Editor’s note: Buy local, pastured eggs if possible.
The video chronicles everything from the horrible physical and psychological abuse inflicted on egg-laying hens and “useless” male chicks, the environmental impacts of egg-producing factory farms, and the effects of factory farmed egg production on human health.
Janus also exposes the labels “cage free” and “free range” as toothless whitewashing that can still be applied to hens raised in horrific, factory-farmed conditions.
Used up and tossed into a woodchipper
The video opens by highlighting the physiological stress that egg-laying hens endure by necessity, even on supposedly humane farms. Janus notes that if left to their own devices, hens would lay only about 12 to 13 eggs in the course of their lifetime, most of those resulting in a live birth. Yet in order to turn hens into food producers, egg farmers remove their eggs each day, causing physiological changes that spur the hen to lay 300 to 350 eggs per year. But egg production is a highly intensive process–as is the laying itself, which can take up to 26 hours, comparable to human childbirth.
Common physical repercussions of a lifetime of constant egg-laying include nutrient deficiencies, osteoporosis, beak and bone deformity, fatty liver disease, and ovarian cancer. Farmers also typically cut or burn off hens’ beaks to keep them from trying to replenish nutrients by eating their own eggs.
Because a hen’s egg production tends to drop after eight to 12 months of such an intensive schedule, it has become standard industry practice to “force molt” them — that is, shock their bodies into producing more eggs by starving them or feeding them nutrient-deficient filler, depriving them of water and keeping them in the dark.
A hen’s natural lifespan is 10-20 years, but most egg-laying hens are slaughtered at a year and a half, when their bodies start to give out. Because poultry are exempted from the Humane Slaughter Act, common methods of killing “spent” hens and “useless” male chicks include tossing them into woodchippers alive or suffocating them in garbage bags. They are typically turned into pellets and fed back to other hens, cows or pigs.
On factory farms, the conditions faced by hens are even worse. Unfortunately, labels such as “free range” or “cage free” don’t mean the chickens were not factory farmed. “Cage free” simply means that birds are not confined in cages, but tens of thousands can still be crammed into a single shed with no access to the outdoors. “Free range” simply means some outdoor access must be provided, for as little as a few minutes a day.

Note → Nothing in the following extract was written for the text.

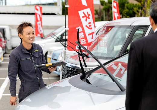 購入後も安心!お客様の快適なカーライフを守る地域密着型のカーライフショップとして、車検・点検や修理、自動車保険やお車の乗り換え相談まで、車のことならどんなお悩みでも末永くサポートしていくことをお約束します!

This can consist of a single small opening in a shed packed with 20,000 chickens.
Breeding bird flu
It’s not just chickens that suffer from the egg industry’s practices. Producing eggs on such a massive scale is an incredible waste of resources. It takes 200 liters (50 gallons) of water to produce just a single egg.
When hundreds of thousands of chickens are crammed together, they also produce enormous amounts of waste. Indeed, feces from poultry operations is a major source of pollution to clean water supplies. It is also a major vector for the spread of foodborne illness, including salmonella.
In fact, chicken meat and eggs are the top two causes of salmonella poisoning.
The effects on human health go beyond simple contamination, however. It is now widely accepted that factory farming of poultry is a major incubator for more virulent and dangerous forms of the influenza virus, including the highly lethal form known as “bird flu.” As far back as 2005, the United Nations warned that the crowded, unsanitary conditions of factory farming “provide ideal conditions for the [influenza] virus to spread and mutate into a more dangerous form.” Around the same time, the American Public Health Organization called for a moratorium on factory farms, condemning them as breeding grounds for disease.